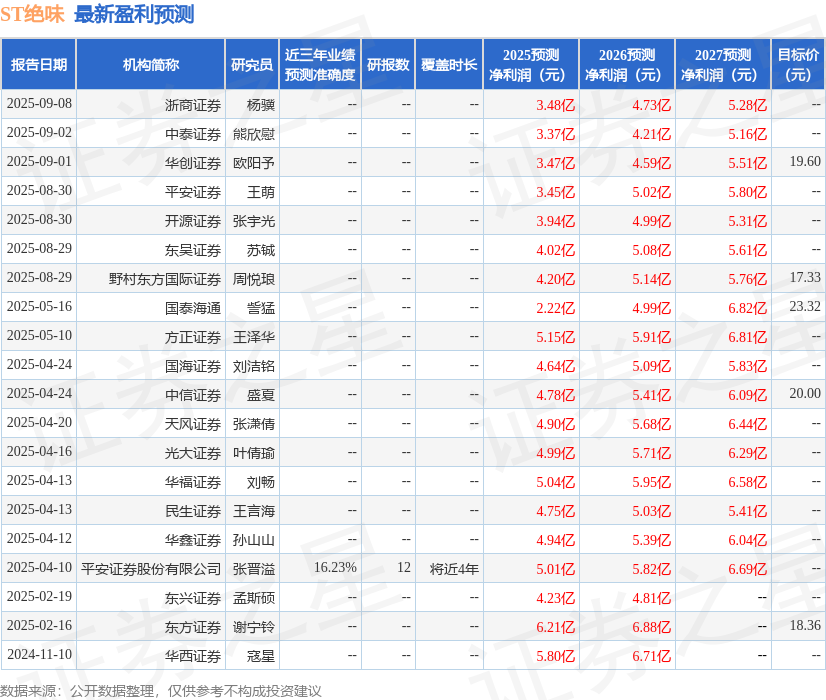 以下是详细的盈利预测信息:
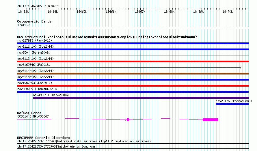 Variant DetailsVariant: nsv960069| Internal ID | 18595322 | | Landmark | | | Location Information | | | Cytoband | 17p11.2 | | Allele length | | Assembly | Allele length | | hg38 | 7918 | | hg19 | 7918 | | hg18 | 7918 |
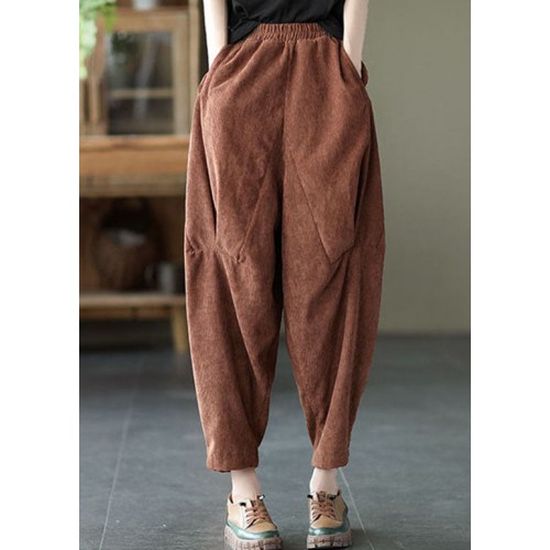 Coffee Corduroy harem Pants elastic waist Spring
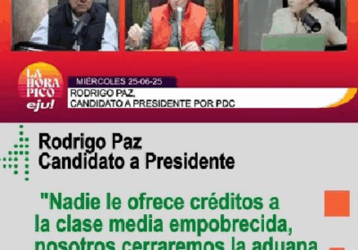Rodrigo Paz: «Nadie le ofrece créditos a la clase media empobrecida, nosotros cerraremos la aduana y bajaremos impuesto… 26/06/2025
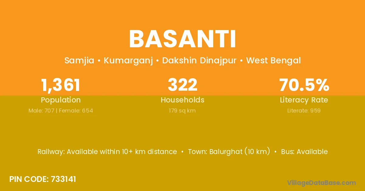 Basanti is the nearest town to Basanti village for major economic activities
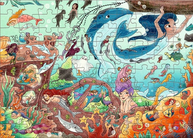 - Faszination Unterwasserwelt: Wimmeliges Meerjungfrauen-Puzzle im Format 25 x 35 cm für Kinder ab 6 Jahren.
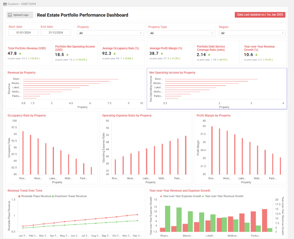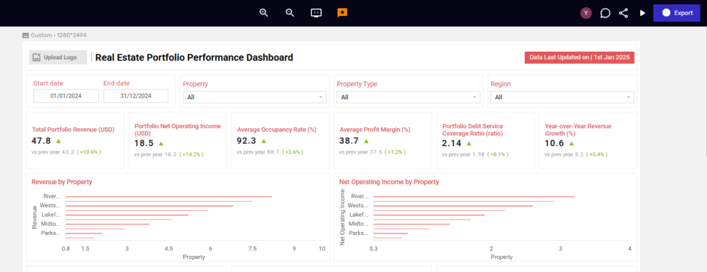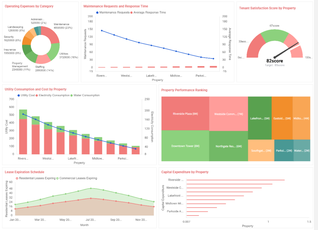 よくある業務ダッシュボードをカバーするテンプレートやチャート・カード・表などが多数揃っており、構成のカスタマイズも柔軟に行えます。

---

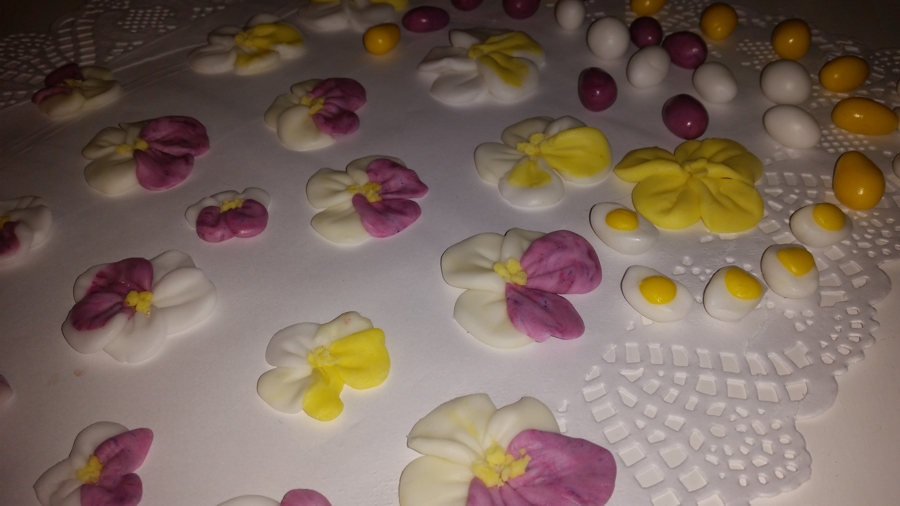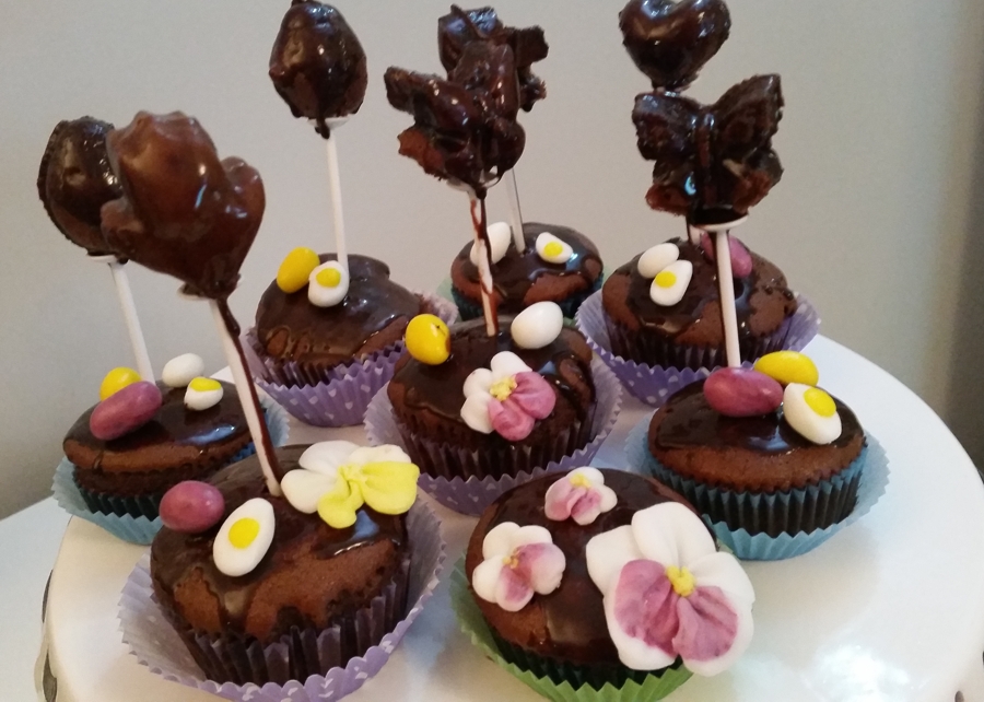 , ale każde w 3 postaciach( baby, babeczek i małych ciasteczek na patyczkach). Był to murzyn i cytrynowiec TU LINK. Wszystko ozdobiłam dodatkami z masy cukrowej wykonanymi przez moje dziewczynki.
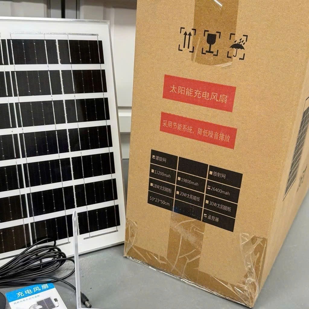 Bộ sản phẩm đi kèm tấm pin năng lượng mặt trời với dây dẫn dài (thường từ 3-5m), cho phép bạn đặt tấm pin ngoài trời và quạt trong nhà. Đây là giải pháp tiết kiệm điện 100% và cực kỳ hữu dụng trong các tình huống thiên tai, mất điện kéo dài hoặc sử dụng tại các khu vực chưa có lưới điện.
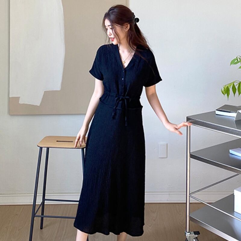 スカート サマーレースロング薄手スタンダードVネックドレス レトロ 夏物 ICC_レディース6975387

(PROBLEM STATEMENT) Everything between and including the line above containing "Basanti is the" and the line containing "よくある業務ダッシュボードを" should be reproduced exactly, with pictures excluded.

(RESULT FOR THIS EXERCISE)
 Basanti is the nearest town to Basanti village for major economic activities
 - Faszination Unterwasserwelt: Wimmeliges Meerjungfrauen-Puzzle im Format 25 x 35 cm für Kinder ab 6 Jahren.
 よくある業務ダッシュボードをカバーするテンプレートやチャート・カード・表などが多数揃っており、構成のカスタマイズも柔軟に行えます。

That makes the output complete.